The 2018 Agriculture Improvement Act included a provision that criminalized cockfighting in every state and in U.S. territories like Puerto Rico. After the 2018 legislation, engaging in cockfighting risks a five-year prison term for each violation. Proponents cited the cruelty of the sport and associated criminal activity like drug dealing as reason for the change. Rooster fights are also connected with the 2002 spread of an exotic avian-borne illness called Newcastle disease.
The legislation drew bitter denunciations from the island, where rooster fights are a fixture of life. Puerto Rico’s legislature denounced the bill in a resolution, and the island’s nonvoting delegate to Congress strongly opposed passage of the 2018 law.
A lead challenger to the law in the lower courts was Club Gallístico, an indoor cockpit outside San Juan. The club accommodated hundreds of guests who wagered thousands of dollars on roosters over the course of a fight. Other plaintiffs included cockpit judges, gamecock breeders, and artisans who craft accessories for fighting roosters. The lead plaintiff in the Supreme Court is Ángel Manuel Ortiz-Díaz, who owns two fighting venues and breeds hundreds of gamecocks.
Now in the High Court, lawyers for the petitioners say the Court should use the cockfighting case as an opportunity to clarify Congress’s power to regulate commerce under the Constitution.
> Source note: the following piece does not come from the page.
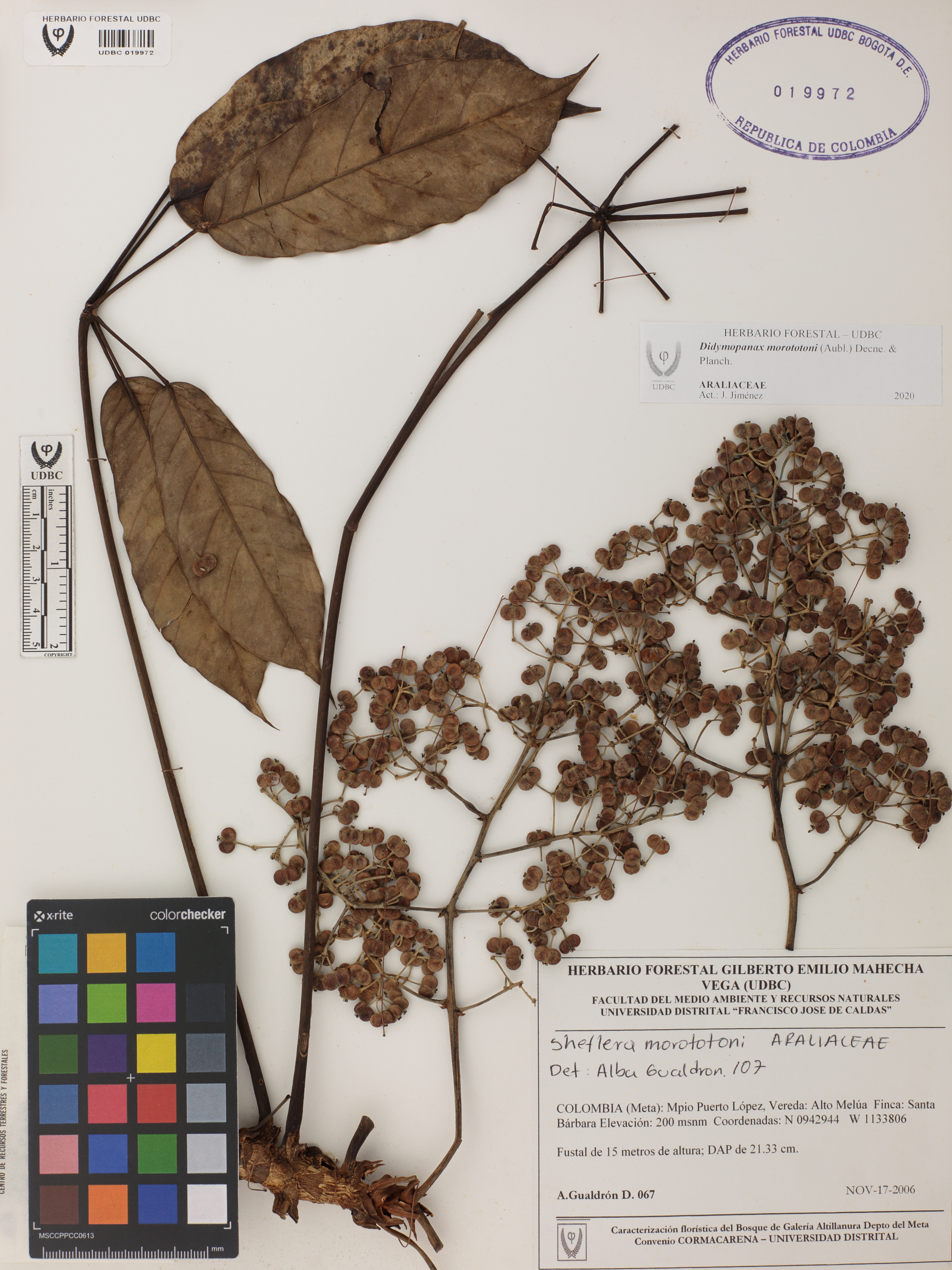 | dc.description | Fotografía del ejemplar Gualdrón, A. 67, determinado como Didymopanax morototoni en el año 2007 | |

Under modern commerce clause precedents, Congress may legislate on any subject that has “substantial effects” on interstate commerce. Conservative critics say that low bar gives Congress almost unbounded power to regulate, since all kinds of activity affects the national economic situation. Those critics have urged the Court to abandon that test altogether, or articulate clear limits on congressional regulatory power under the Constitution.
The plaintiffs emphasize that cockfighting itself is not a commodity traded among states and territories. And before the 2018 law, rooster fights were mostly confined to outlying U.S. possessions like Puerto Rico, Guam, and the Northern Mariana Islands. Therefore, local cockfighting is beyond the scope of Congress’s commerce clause power.
“Cockfighting in Puerto Rico is an inherently local activity,” the petition reads. “There is no reason to believe that cockfighting in Puerto Rico and three island territories—islands that are hundreds and sometimes thousands of miles from the mainland—was creating a national market for birds or any other commodity.”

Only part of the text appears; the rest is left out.